**REQUIRED WORK**
Range to repeat from the listing below: the line containing "Embassy of South Sudan, London" down to the line containing "Bioware founders Ray", both included. Copy it exactly, pictures excluded, and add nothing else.

SUPPLIED MATERIAL section start

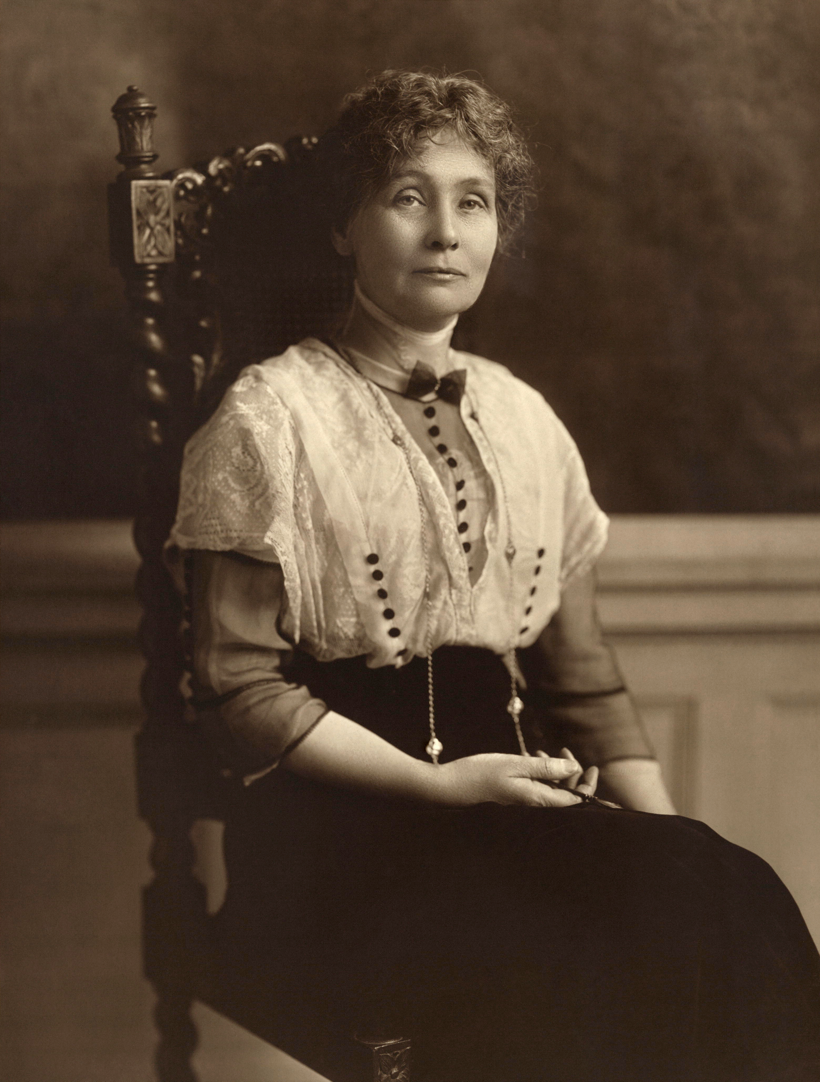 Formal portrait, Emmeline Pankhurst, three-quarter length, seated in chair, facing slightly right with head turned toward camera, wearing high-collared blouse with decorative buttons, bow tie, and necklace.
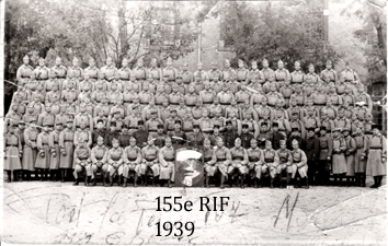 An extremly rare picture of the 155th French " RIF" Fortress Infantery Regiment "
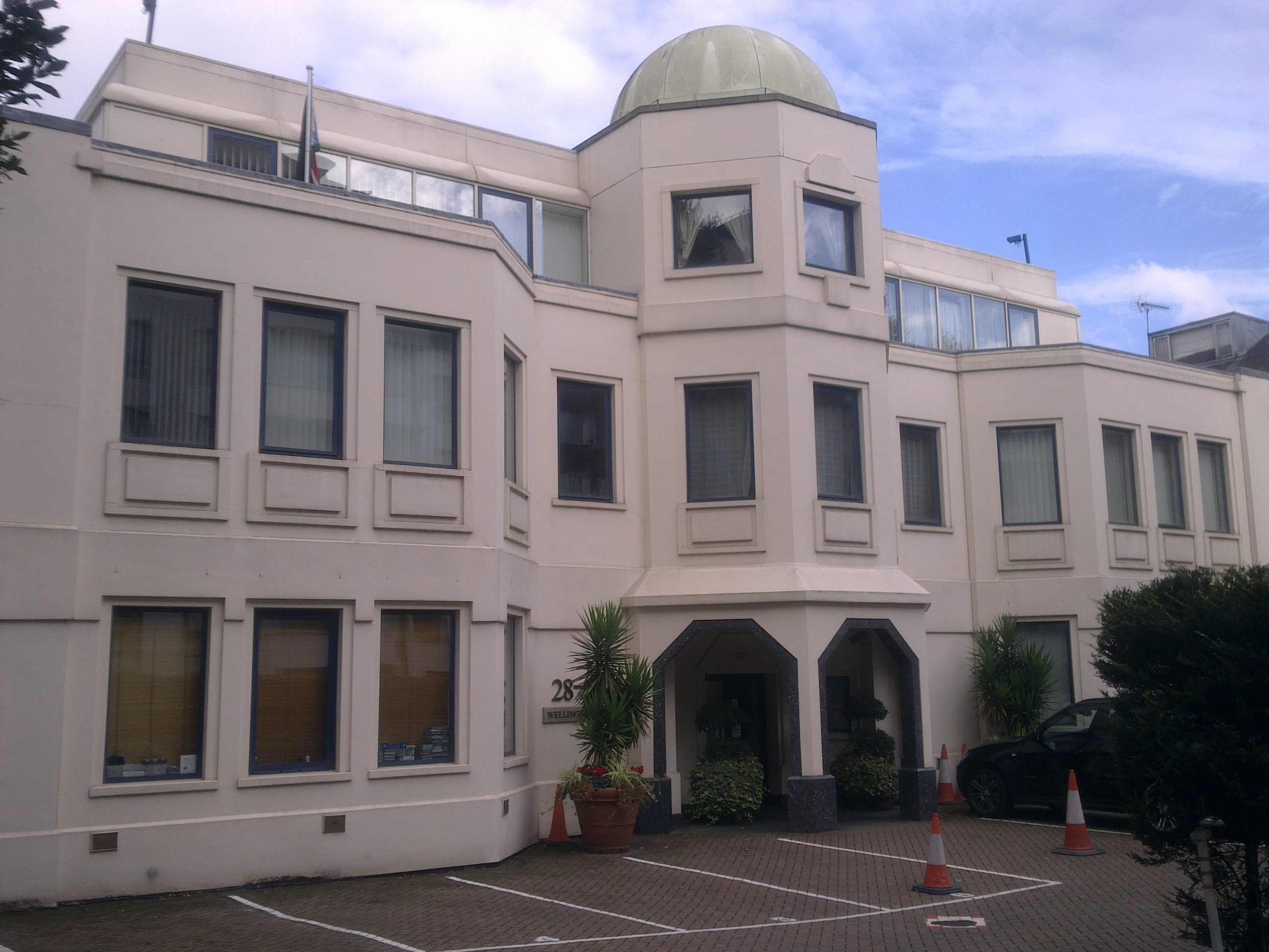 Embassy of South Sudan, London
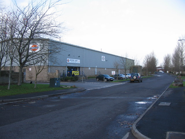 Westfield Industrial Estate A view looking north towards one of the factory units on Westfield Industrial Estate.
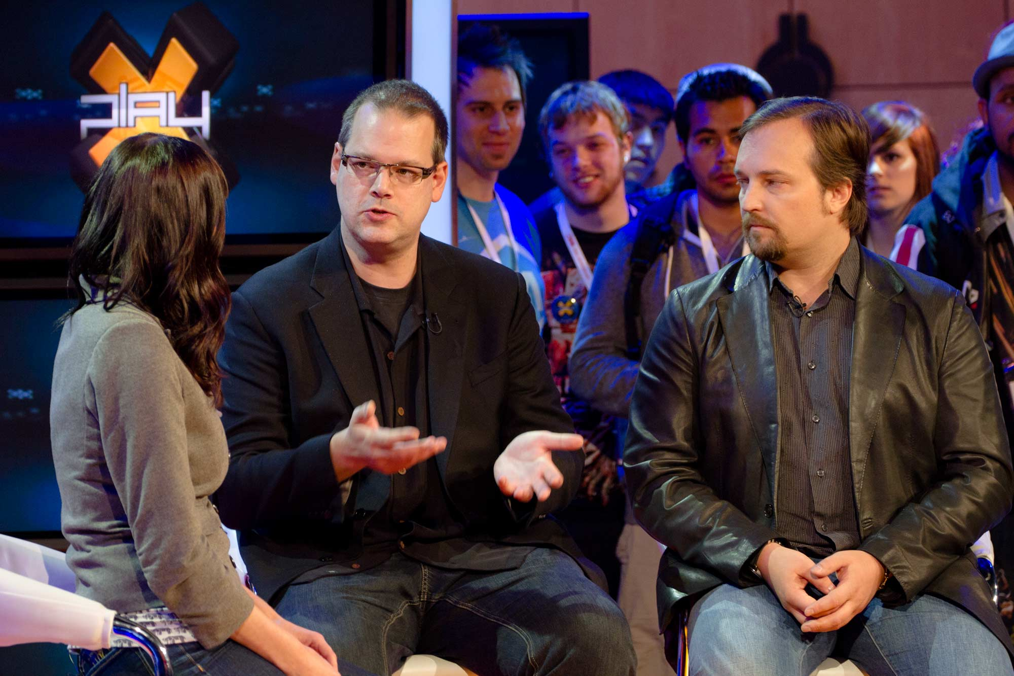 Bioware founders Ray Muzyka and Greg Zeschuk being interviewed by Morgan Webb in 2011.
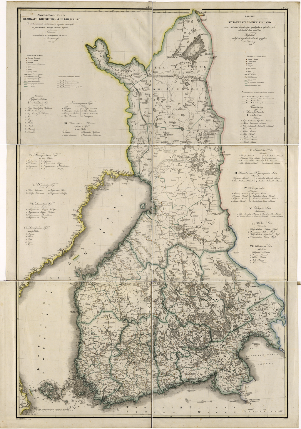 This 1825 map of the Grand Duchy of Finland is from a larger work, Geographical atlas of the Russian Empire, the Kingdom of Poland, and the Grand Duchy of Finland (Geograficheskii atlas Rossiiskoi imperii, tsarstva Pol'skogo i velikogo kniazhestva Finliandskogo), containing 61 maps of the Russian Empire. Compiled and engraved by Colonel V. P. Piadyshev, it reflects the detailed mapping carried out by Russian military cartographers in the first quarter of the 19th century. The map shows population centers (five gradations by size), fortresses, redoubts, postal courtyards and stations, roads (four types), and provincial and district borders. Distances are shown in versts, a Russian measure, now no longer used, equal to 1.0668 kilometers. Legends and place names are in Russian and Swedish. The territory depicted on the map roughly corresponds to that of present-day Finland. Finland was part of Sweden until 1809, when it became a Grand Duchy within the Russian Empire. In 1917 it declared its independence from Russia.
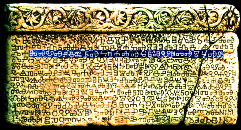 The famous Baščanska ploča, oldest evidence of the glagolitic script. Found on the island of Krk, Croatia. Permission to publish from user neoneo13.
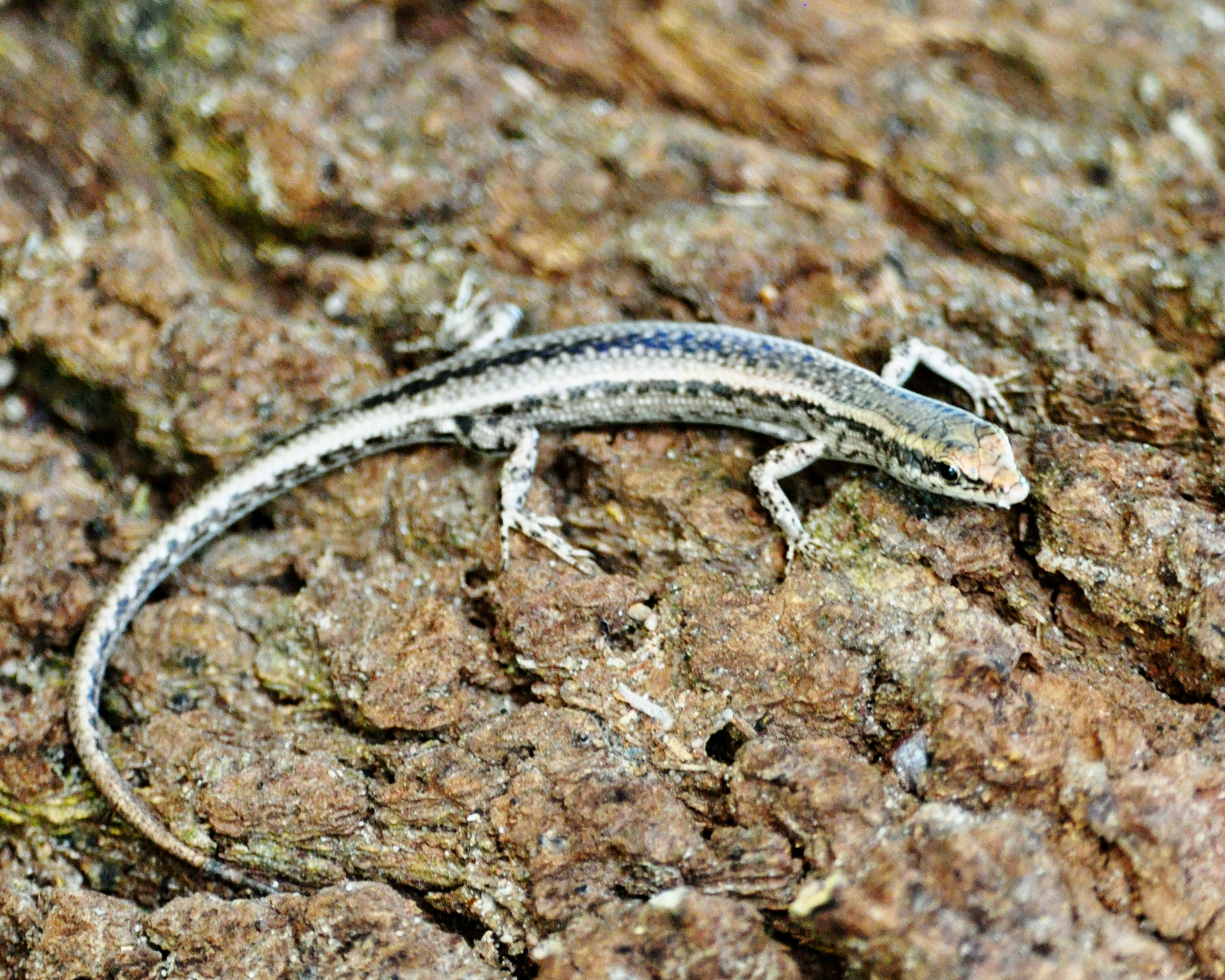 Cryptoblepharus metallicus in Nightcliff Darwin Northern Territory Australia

SUPPLIED MATERIAL section end

**COMPLETED TASK**
 Embassy of South Sudan, London
 Westfield Industrial Estate A view looking north towards one of the factory units on Westfield Industrial Estate.
 Bioware founders Ray Muzyka and Greg Zeschuk being interviewed by Morgan Webb in 2011.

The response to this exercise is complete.